Need help understanding y-axis values after sum(application) group by, and how to create an alert on no events in last X hours

  • What Grafana version and what operating system are you using?

Grafana v8.0.3

  • What are you trying to achieve? What happened? What did you expect to happen?

We have a cron job that runs every 2 hours, creating a CronSucceeded event at the end of each run. We would like to be alerted when there has been no CronSucceeded event in the past 3 hours.

  • How are you trying to achieve it?

Since the event is a counter, we expect to see increasing steps, which we do:

They “reset” every once in a while because a new host takes over.

Now, I don’t really care which host is performing the job. So I add an aggregator—sum(application) group by.

Okay, they’re now a combined series. But why did the y-axis scale explode? That’s not my actual question, but I’m bringing it up in case it hints at a relevant problem.

So I decided to abandon that wonkiness and do a delta() for each instead:

(I cannot embed more than 2 images as a new user.)

Screen Shot 2022-01-02 at 06.20.14|626x500

Wonderful, a y-value of 1 every 2 hours is what I expect to see. But okay, now can I do the sum without the y-scale blowing up? Apparently yes.

Screen Shot 2022-01-02 at 06.22.16|626x500

Now, my actual question. I want to set up an alert that looks for an event (y=1) in the past 3 hours, i.e. query(A, 3h, now).

(I cannot embed more than 2 links as a new user.)

upload://awGy3IyfZPyW7hF6lxisEzlHFSe.jpeg (See reply below.)

But this alert has been going off seemingly randomly. (Of course it’s not random, but I don’t understand.) If I zoom into one of the alerted situations…

upload://yqRH4ufh8Ba5SiN3EoSAnKs0nJ9.jpeg (See reply below.)

…I can guess that the last() value after each of those peaks might indeed be 0, not 1. So I probably have to do this another way. (Another side question: Why is last() my only option for WHEN?)

How do I set up the alert I want?
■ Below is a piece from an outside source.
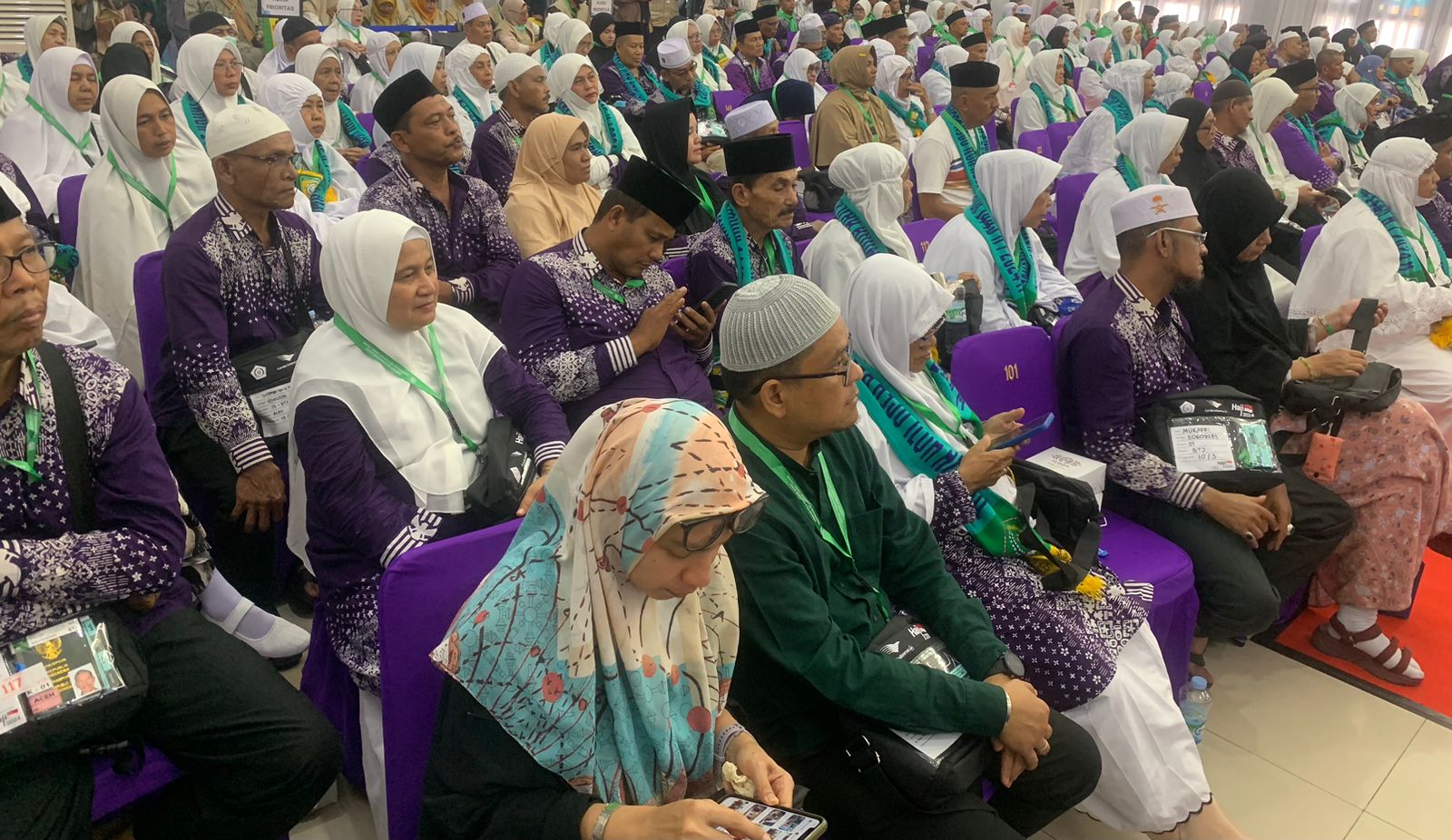 "Mohon bantuannya, petugas dan keluarga, untuk informasikan ke jemaah, untuk tidak membawa tas barang-barang ke pesawat, di luar dari yang diberikan oleh pihak maskapai Garuda seperti kloter 2 misalnya, masih ada yang bawa tas tambahan di atas," pungkasnya

To repeat: Alert when there has been no CronSucceeded event in the past 3 hours.

If someone could shed some light on that as well as my intermediate questions, I’d be indebted. Thank you in advance.

  • Can you copy/paste the configuration(s) that you are having problems with?

N/A

  • Did you receive any errors in the Grafana UI or in related logs? If so, please tell us exactly what they were.

I don’t believe so.

  • Did you follow any online instructions? If so, what is the URL?

Nope.

1 Like

Here are the last 2 unlinked images:

Hello and welcome to the Grafana forum.

First of all, you wrote an excellent description of your problem, so someone should be able to help.

Just to keep things inching along, does any message appear when you click on the red triangles?
image

Hi, thanks for the welcome! Yes, on mouseover, I see the following:

OK, let’s try throwing some stuff at the wall and see if anything sticks…

I noticed no Transform tab in your screenshots. If you change the visualization from Graph (old) to Time Series, do you see anything like this?

Try changing to Time Series and then see how your query or alert is affected (if at all), and if the Transform tab appears.

No Transform tab and looks the same to me, including re-creating an alert.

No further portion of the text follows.